An aerial view of the Big Lagoon Rancheria in northern California. Image from Google Maps

The 9th Circuit Court of Appeals held oral arguments in Big Lagoon Rancheria v. California, an Indian gaming case that's being watched across the nation, on Wednesday.

The case will determine whether the Big Lagoon Rancheria can pursue a casino on land that was placed in trust by the Bureau of Indian Affairs on June 29, 1994. Several judges questioned the state for waiting more than a decade to challenge the status of the 11-acre site.

"Why didn't the state raise the issues of the tribe's status early on?" Judge Susan Graber asked during the en banc hearing in San Francisco.

California deputy attorney general Peter Kaufman acknowledged that the state didn't challenge the 1994 acquisition or the BIA's decision to place the tribe on the list of federally recognized way back in 1979. Instead he said the case was about the agency's potential issuance of Class III gaming procedures for the tribe.

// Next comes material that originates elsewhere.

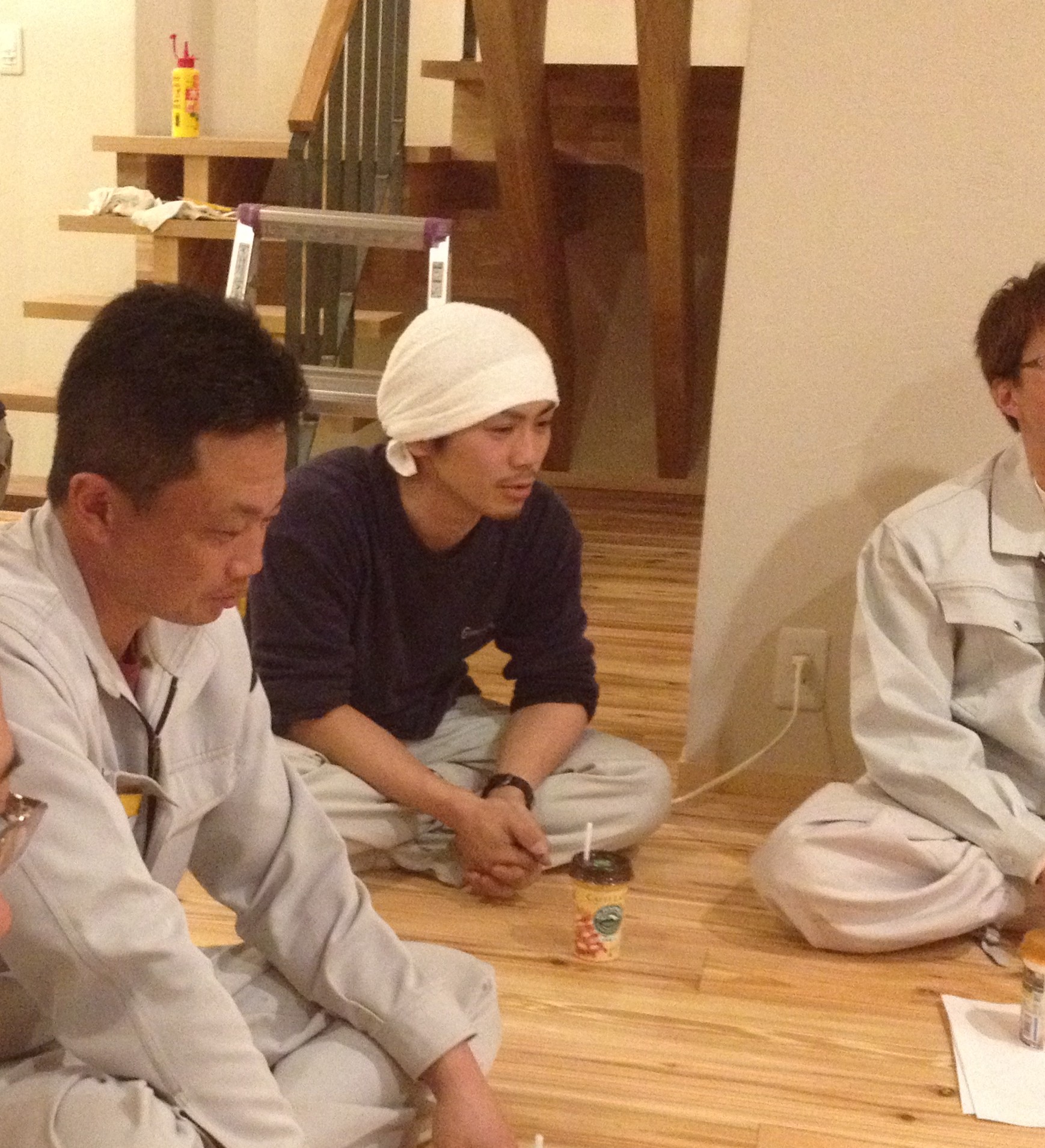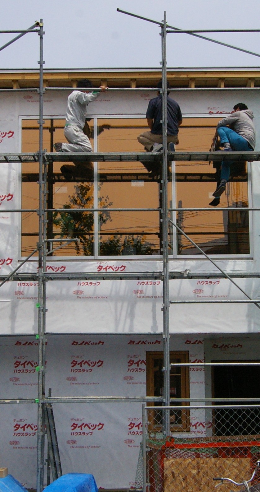 一方 上棟式を終えた現場では 壁の仕上げについて、設計、監理、棟梁で足場に座り込んで打合せです。
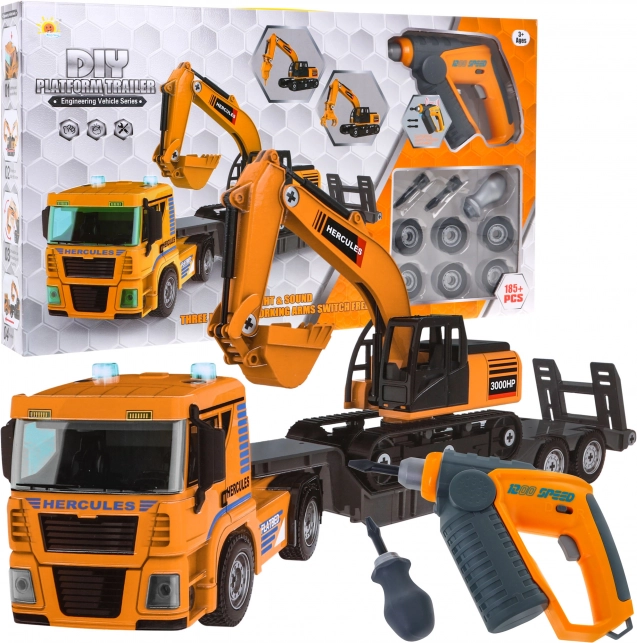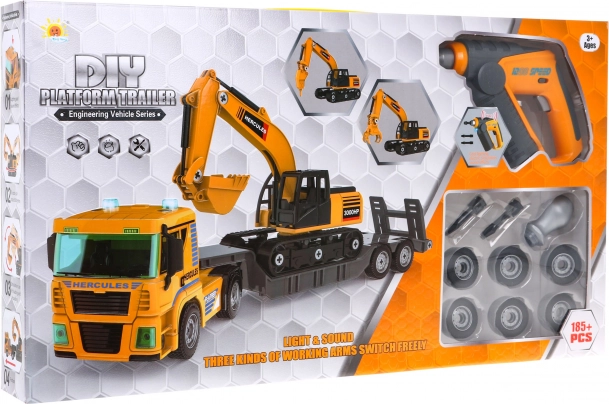 | Beschrijving | Set vrachtwagen + graafmachine voor doe-het-zelvers 185 st. |

That prompted even more critical questions from the judges. More than one noted that the BIA has yet to take any action in that respect.

"When did that happen?" asked Chief Judge Alex Kozinski. "Give me a date," he added.

Kaufman refused to answer the question.

The judges appeared to be more receptive to the tribe, whose attorney said the casino will help its membership, and to the Department of Justice, whose acting assistant attorney general Sam Hirsch appeared as a friend of the court. Hirsch stated flatly that the time to challenge the trust land acquisition passed long ago and didn't seem to get much push back on that matter.

But at the end of the hearing, Kozinski suggested the state, the tribe and the federal government get together and resolve their differences. He said the courthouse steps might have provided some neutral ground to end the dispute.

Oral arguments from the hearing can be found on the Indianz.Com SoundCloud.

Video of the hearing can be found on YouTube.

Get the Story:
Small Native American Tribe and U.S. Duke It Out at the 9th Circuit (Courthouse News Service 9/17)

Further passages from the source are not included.